Finding Features in Neural Networks with the Empirical NTK

Summary

Kernel regression with the empirical neural tangent kernel (eNTK) gives a closed-form approximation to the function learned by a neural network in parts of the model space. We provide evidence that the eNTK can be used to find features in toy models for interpretability. We show that in Toy Models of Superposition and a MLP trained on modular arithmetic, the eNTK eigenspectrum exhibits sharp cliffs whose top eigenspaces align with the ground-truth features. Moreover, in the modular arithmetic experiment, the evolution of the eNTK spectrum can be used to track the grokking phase transition. These results suggest that eNTK analysis may provide a new practical handle for feature discovery and for detecting phase changes in small models.

See here for the paper: "Feature Identification via the Empirical NTK".

Research done as part of the PIBBSS affiliate program, specifically the call for collaboration to use ideas from renormalization for interpretability.

Background

In interpretability, we would like to understand how neural networks represent learned features, “carving the model at its joints". Operationally, we would like to find functions of a model’s activations and weights that detect the presence or absence of a feature with high sensitivity and specificity. However, it’s a priori unclear how to “guess” a good candidate answer. ^[1]

One strategy is to look to theories of deep learning. If there existed a hypothetical complete theory that allowed us to “reverse-compile” any model into human-interpretable code, it would (by definition) solve this problem by telling us which effective features a model uses and how they interact to produce the input-output map. Instead of a complete theory however, in 2025 we have several nascent theories that each explain some modest aspects of what some models may be doing, in some corners of the parameter space. ^[2]

Among such theories, the neural tangent kernel (NTK) and its cousins are unique in giving us a closed-form formula for the function learned by a neural network in a specific regime.

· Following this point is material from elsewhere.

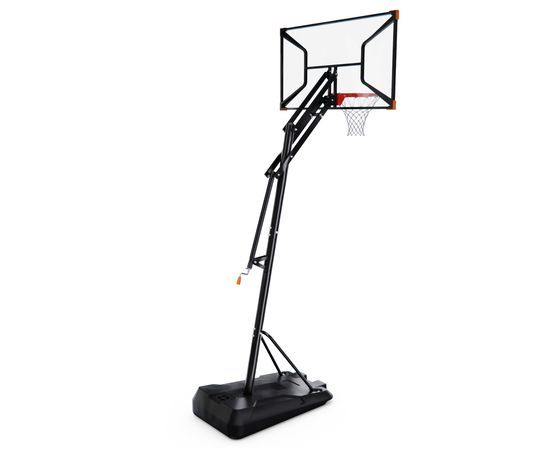 Портативная конструкция с транспортировочными роликами позволяет создать собственную баскетбольную площадку так, как надо именно вам. Основание стойки имеет увеличенный объем. В основание стойки необходимо залить воду (ёмкость бака 128 л.) или засыпать песок (182 кг) в качестве утяжелителя.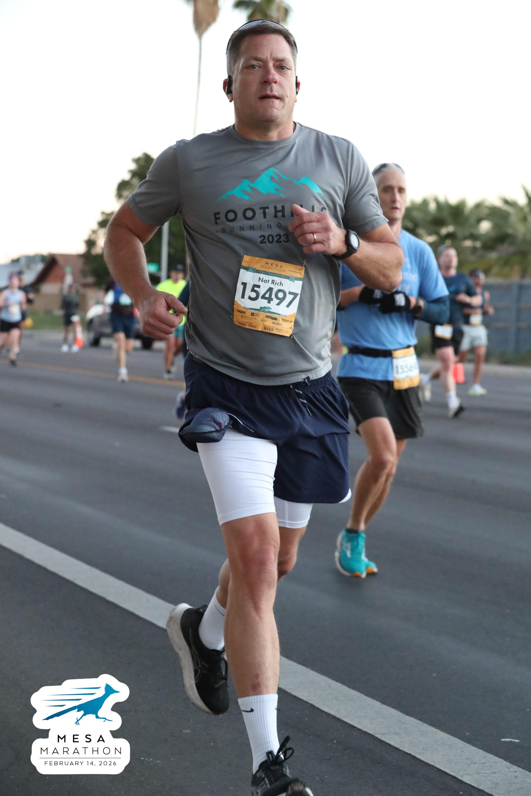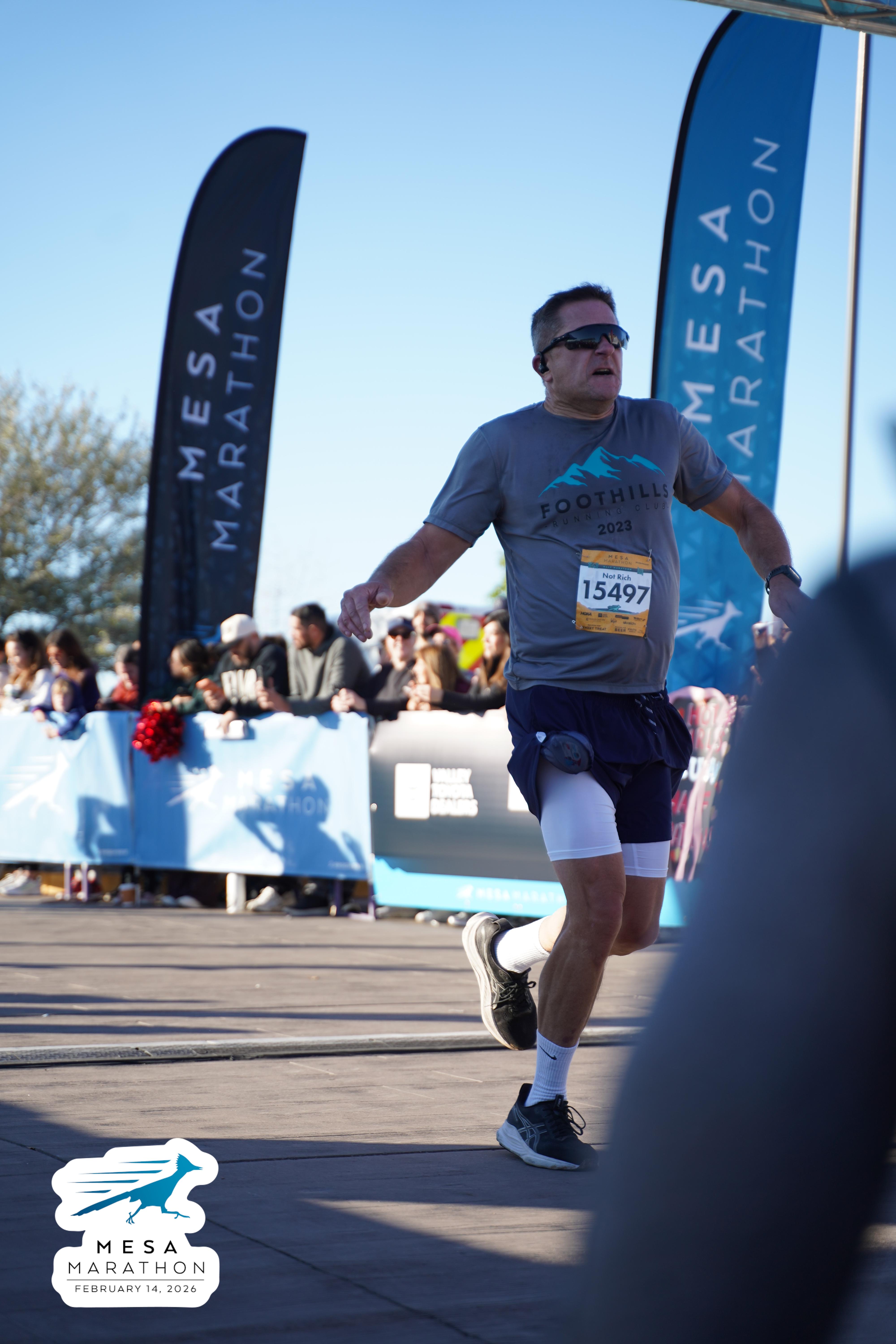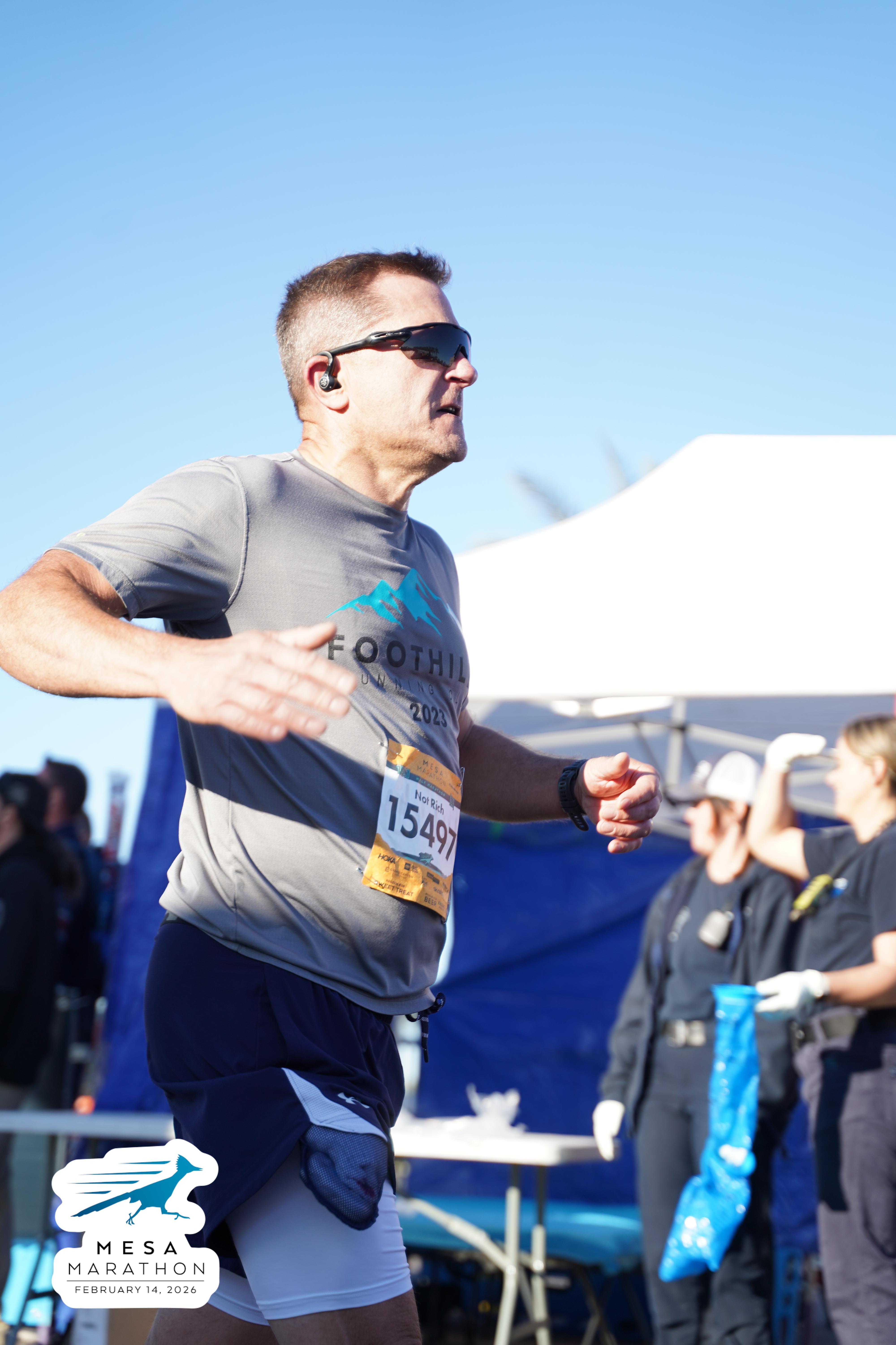 Date: Feb. 14, 2026 Participant: Rich Gray #15497 Race: 2026 Mesa Half Marathon Distance: 13.1 miles

Namely, one can prove that when models are much wider than they are deep, with weights initialized with a 1/ scaling, they approximately learn the function

$f_{i} (x) = \sum_{α_{1}, α_{2}} K_{i j} (x, x_{α_{1}}) K_{j k}^{- 1} (x_{α_{1}}, x_{α_{2}}) y_{k, α_{2}}$ (1)

at the end of training, where the index $i$ runs over output neurons (labels of the dataset), $α$ runs over points in the training set, and the kernel

$K_{i j} (x_{1}, x_{2}) = \sum_{μ} \frac{d f_{i} (x_{1})}{d W_{μ}} \frac{d f_{j} (x_{2})}{d W_{μ}}$ , (2)

evaluated at initialization, is the eponymous NTK. See earlier posts (1, 2, 3) on Lesswrong for the derivation of (1) and related discussions.

Realistic models are usually not in this regime. However, it’s been conjectured and empirically checked in some cases - although we don't yet know in general when the conjecture is and isn't true - that Eq. (1) with the NTK (2) evaluated instead at the end of training can at times be a good approximation to the function learned by a neural network beyond the theoretically controllable limit.^[3] This conjecture is called the empirical NTK hypothesis, and the NTK evaluated at the end of training is called the empirical NTK (eNTK).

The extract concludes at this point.